In 1800, as the result of a professional disagreement over the galvanic response advocated by Luigi Galvani, Alessandro Volta developed the so-called Voltaic pile, a forerunner of the battery, which produced a steady electric current. Volta had determined that the most effective pair of dissimilar metals to produce electricity was zinc and silver. In the 1880s, the International Electrical Congress, now the International Electrotechnical Commission (IEC), approved the volt as the unit for electromotive force.

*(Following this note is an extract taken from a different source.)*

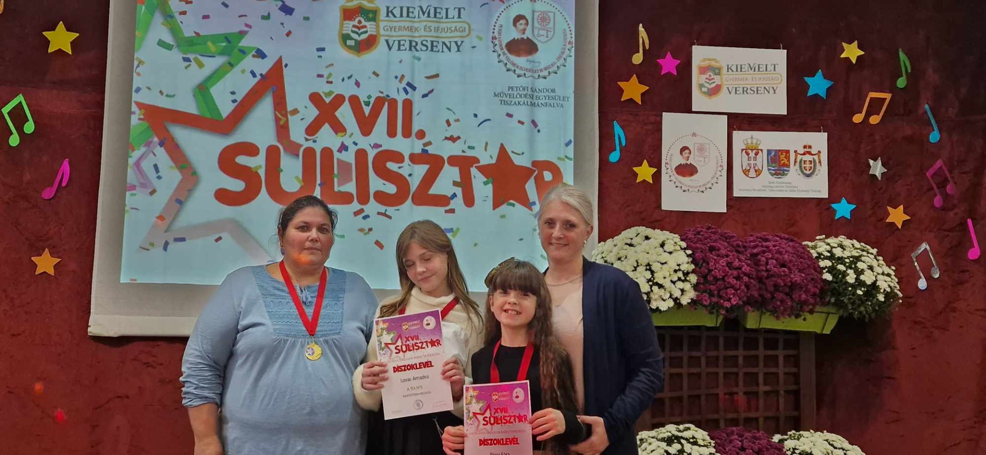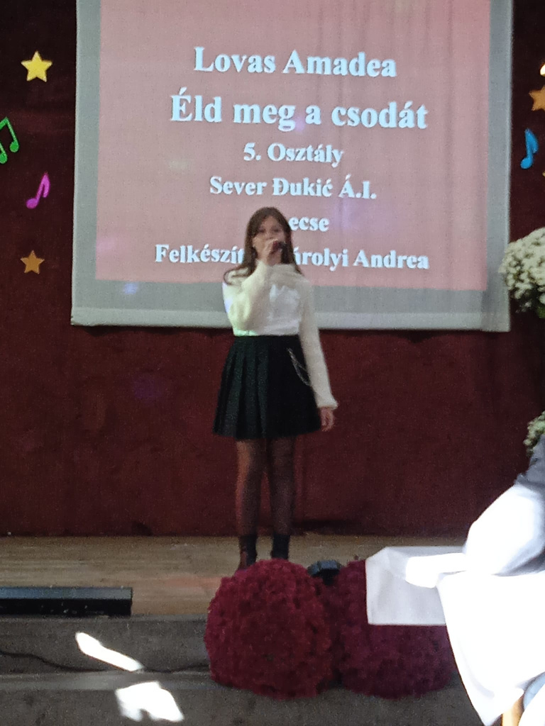 2023. október 28 -án, Tiszakálmánfalva 17.alkalommal adott otthont a Sulisztár elnevezésű énekes-zenés vetélkedőnek, amely immár az MNT kiemelt jelentőségű gyermek- és ifjúsági rendezvényeként szerepel. A megmérettetésre Vajdaság és Magyarország különböző településeiről érkeztek versenyzők. Iskolánk énekesei kiváló eredményt értek el, ugyanis Pécsi Sára, 3.osztály, Lauc Ágota tanítónő tanítványa és Lovas Amadea, 5.osztály,akit Károlyi Andrea zenetanárnő készített fel, egyaránt ARANY MINŐSÍTÉSBEN részesült!

At that time, the volt was defined as the potential difference [i.e., what is nowadays called the "voltage (difference)"] across a conductor when a current of one ampere dissipates one watt of power.
The international volt was defined in 1893 as 1/1.434 of the emf of a Clark cell. This definition was abandoned in 1908 in favor of a definition based on the international ohm and international ampere until the entire set of "reproducible units" was abandoned in 1948.
Prior to the development of the Josephson junction voltage standard, the volt was maintained in national laboratories using specially constructed batteries called standard cells. The United States used a design called the Weston cell from 1905 to 1972.
This SI unit is named after Alessandro Volta. As with every SI unit whose name is derived from the proper name of a person, the first letter of its symbol is uppercase (V). When an SI unit is spelled out in English, it should always begin with a lowercase letter (volt), except where any word would be capitalized, such as at the beginning of a sentence or in capitalized material such as a title. Note that "degree Celsius" conforms to this rule because the "d" is lowercase.